可逆性:locality via a limited receptive field
等轉(zhuǎn)性:translation equivariance via weight sharing
- The Convolution Operator is Translation Equivariant meaning it preserves Translations however the CNN processing allows for Translation Invariance which is achieved by means of a proper (i.e. related to spatial features) dimensionality reduction. https://aboveintelligent.com/ml-cnn-translation-equivariance-and-invariance-da12e8ab7049
- While convolutions are translation equivariant and not invariant, an approximative translation invariance can be achieved in neural networks by combining convolutions with spatial pooling operators. https://chriswolfvision.medium.com/what-is-translation-equivariance-and-why-do-we-use-convolutions-to-get-it-6f18139d4c59

雖然這種特性被證實(shí)了是設(shè)計(jì)方案在圖象上實(shí)際操作的實(shí)體模型時(shí)尤為重要的梳理參考點(diǎn)(inductive biase). 可是卷積和的部分特性(the local nature of the convolutional kernel)阻攔了其捕捉全局性的前后文信息內(nèi)容(global context), 而這種信息內(nèi)容針對(duì)圖像識(shí)別技術(shù)是很必需的. 它是卷積和的關(guān)鍵的缺點(diǎn). (convolution operator is limited by its locality and lack of understandingof global contexts)

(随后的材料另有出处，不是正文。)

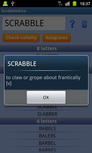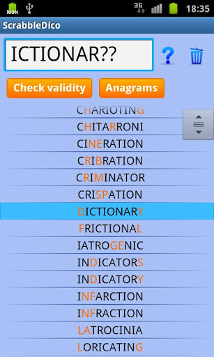 - Solveur d’anagrammes super-rapide, grâce à sa base de mots intégrée et à son moteur de recherche optimisé: générer 1000 anagrammes à partir de 7 lettres + 1 JOKER prend moins de 3 secondes sur un Samsung Galaxy S

而在捕捉遠(yuǎn)距離互動(dòng)關(guān)聯(lián)(long range interaction)上, 近期的Self-attention主要表現(xiàn)的很非常好(has emerged as a recent advance). 自專(zhuān)注力身后的重要觀念是轉(zhuǎn)化成從掩藏模塊測(cè)算的值的加權(quán)平均. 有別于卷積和實(shí)際操作或是池化實(shí)際操作, 這種權(quán)重值是動(dòng)態(tài)性的依據(jù)鍵入特點(diǎn), 根據(jù)掩藏模塊中間的相似度涵數(shù)造成的(produced dynamically via a similarity function between hidden units). 因而鍵入數(shù)據(jù)信號(hào)中間的互動(dòng)取決于數(shù)據(jù)信號(hào)自身, 而不是像在卷積和中, 被事先由她們的相對(duì)位置而決策.

因此文中試著將自專(zhuān)注力測(cè)算運(yùn)用到卷積和實(shí)際操作中, 來(lái)完成遠(yuǎn)距離互動(dòng). 在辨別性視覺(jué)效果每日任務(wù)(discriminative visual tasks)中, 考慮到應(yīng)用自專(zhuān)注力更換一般的卷積和. 引進(jìn)a novel two-dimensional relative self-attention mechanism, 其在引入(being infused with)相對(duì)性位置信息的另外能夠維持translation equivariance, 使其特別適合圖象.

在替代卷積和做為單獨(dú)測(cè)算模塊層面被證實(shí)是有競(jìng)爭(zhēng)能力的. 可是必須留意的是, 在操縱試驗(yàn)中發(fā)覺(jué), 將自專(zhuān)注力和卷積和組成起來(lái)的狀況能夠得到最好是的結(jié)果. 因而并沒(méi)有徹底拋下卷積和, 只是明確提出應(yīng)用self-attention mechanism來(lái)提高卷積和(augment convolutions), 將要注重可逆性的卷積和特點(diǎn)圖和根據(jù)self-attention造成的可以模型更遠(yuǎn)距離依靠(capable of modeling longer range dependencies)的特點(diǎn)圖拼湊來(lái)得到最后結(jié)果.

在好幾個(gè)試驗(yàn)中, 專(zhuān)注力提高卷積和都完成了一致的提高, 此外針對(duì)徹底的自留意實(shí)體模型(無(wú)需卷積和那一部分), 這能夠當(dāng)作是專(zhuān)注力提高實(shí)體模型的一種特殊情況, 在ImageNet上僅比他們的徹底卷積和構(gòu)造略差, 這說(shuō)明自留意體制是一種用以圖像分類(lèi)的強(qiáng)勁單獨(dú)的測(cè)算原語(yǔ)(a powerful standalone computational primitive).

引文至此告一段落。